Иволга поет над родником. Начало

Григорий Жадько
Девушка изображенная на обложке написана  2010г холст-масло 45х60см


«…Девушка с распущенной косой
Мои губы трогала губами…...»

Это была  обычная старая усадьба, недалеко от деревни Глуховки, Саранского уезда, Пензенской губернии.  Таких было разбросано тысячи в укромных уголках России. Дом  был сделан из сосновых бревен, почерневших от дождей.  Посеревший и вылинявший, с огромным количеством верандок и пристроек, он угрюмо кособочился как дикий подраненный зверь. Сколько здесь сменилось хозяев, столько раз, что-либо менялось и пристраивалось.
Встретили меня радушно с искренней радостью.
-Милости просим  Александр!!!
Еле-еле оторвавшись от дядюшкиных расспросов и нескончаемых блинов тетушки, я сбежал на реку. Сура неторопливо несла свои воды, петляя меж небольших колков березового леса. Берега  ее заросшие тальником  смородиной на возвышенностях прорезались сосновыми и еловыми островками. С огромным удовольствием я обмыл дорожную пыль и долго бродил по давно забытым местам, пока не начался дождь и не промочил меня до нитки. 

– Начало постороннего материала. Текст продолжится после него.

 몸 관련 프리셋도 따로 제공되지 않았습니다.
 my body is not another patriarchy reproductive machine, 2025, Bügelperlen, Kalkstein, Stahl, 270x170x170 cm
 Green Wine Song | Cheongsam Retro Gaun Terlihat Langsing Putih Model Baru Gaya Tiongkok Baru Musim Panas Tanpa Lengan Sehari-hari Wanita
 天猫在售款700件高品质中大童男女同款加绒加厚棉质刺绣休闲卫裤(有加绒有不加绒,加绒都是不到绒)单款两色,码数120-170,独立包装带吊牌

Население дома было немногочисленным. О дяде с тетей я уже говорил, а третьей в доме была помощница – девушка,  которая  ухаживала  за ними и хоть чуть-чуть скрашивала  их одинокое существование.

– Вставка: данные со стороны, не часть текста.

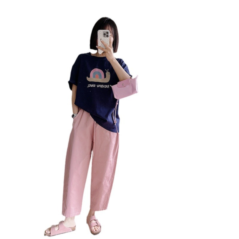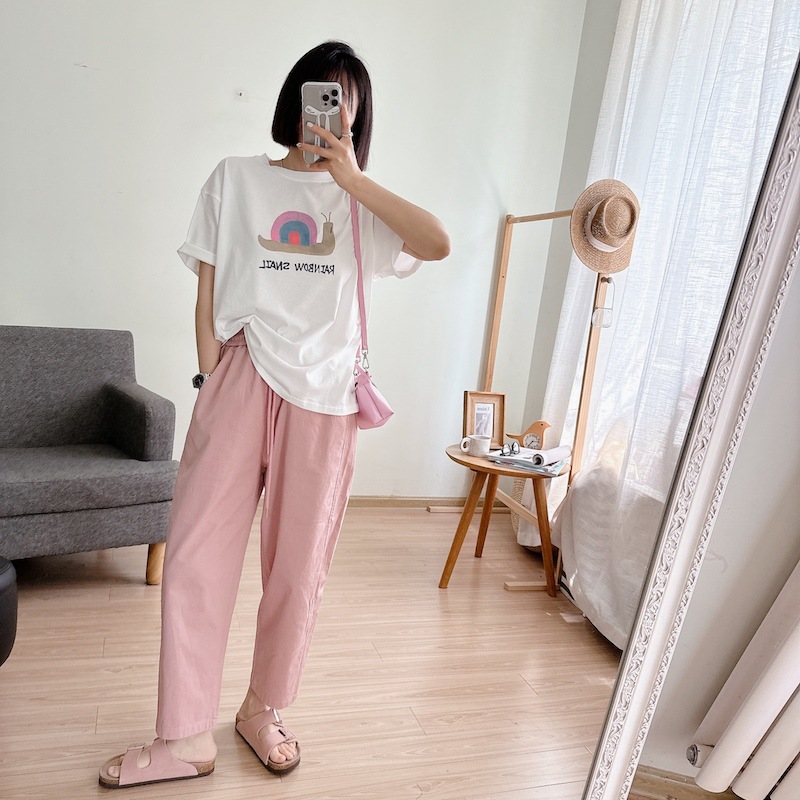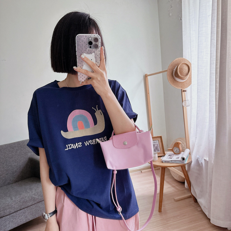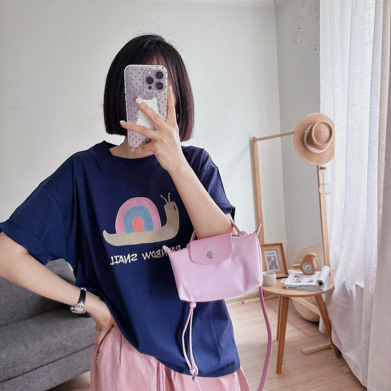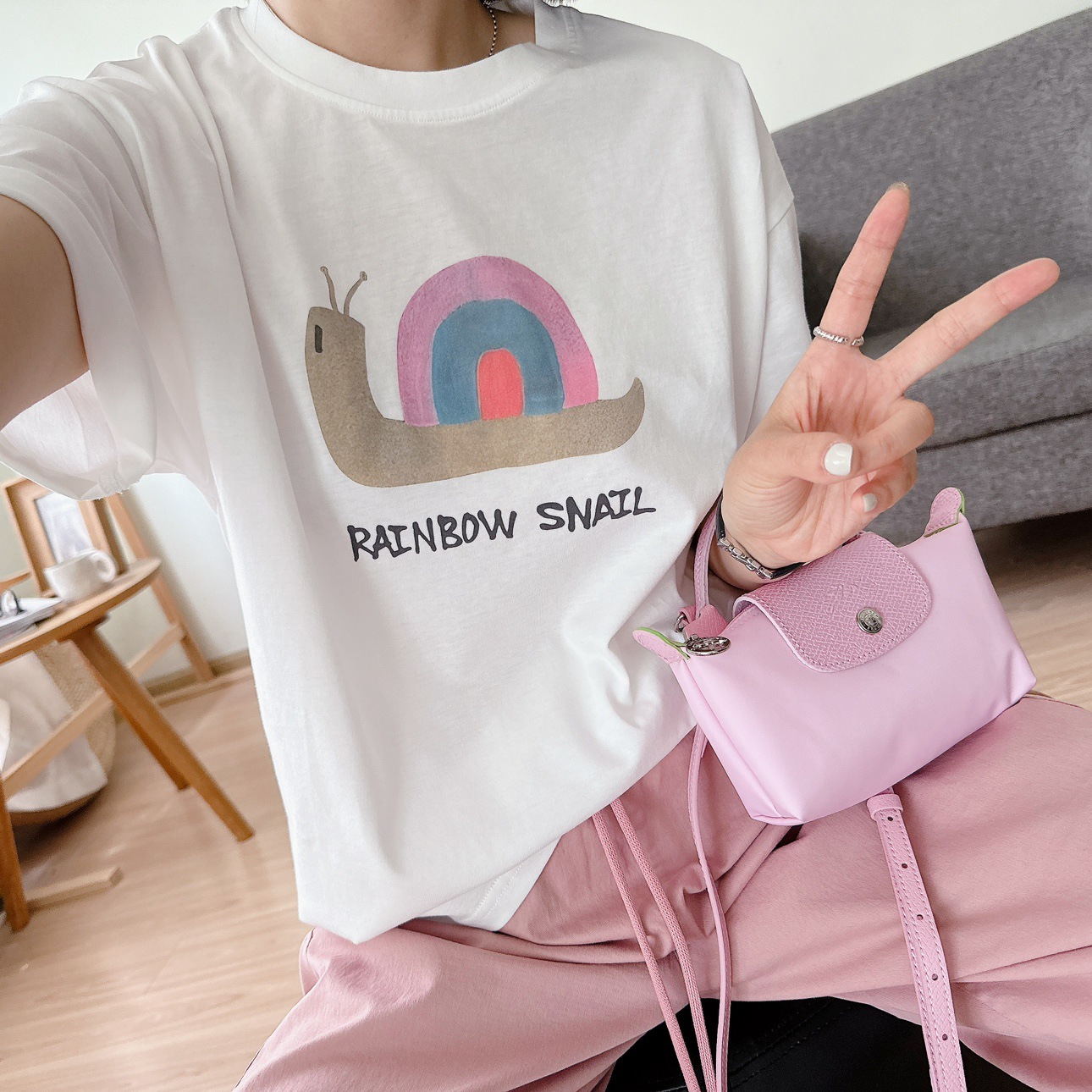 百搭韩版休闲减龄款卡通蜗牛宽松显瘦纯棉圆领短袖T恤衫女款夏季

Утром следующего дня, я неожиданно открыл для себя, в какой омут скуки затащила меня жизнь. У меня даже защемило в груди, когда я вспомнил  данное матушке слово, пробыть здесь ровно месяц и исправно готовиться к заключительному  классу гимназии. «Неужели только через месяц, веселый пышущий  паром паровоз, озорно свистнув, снова умчит  меня в столицу... в Санкт-Петербург.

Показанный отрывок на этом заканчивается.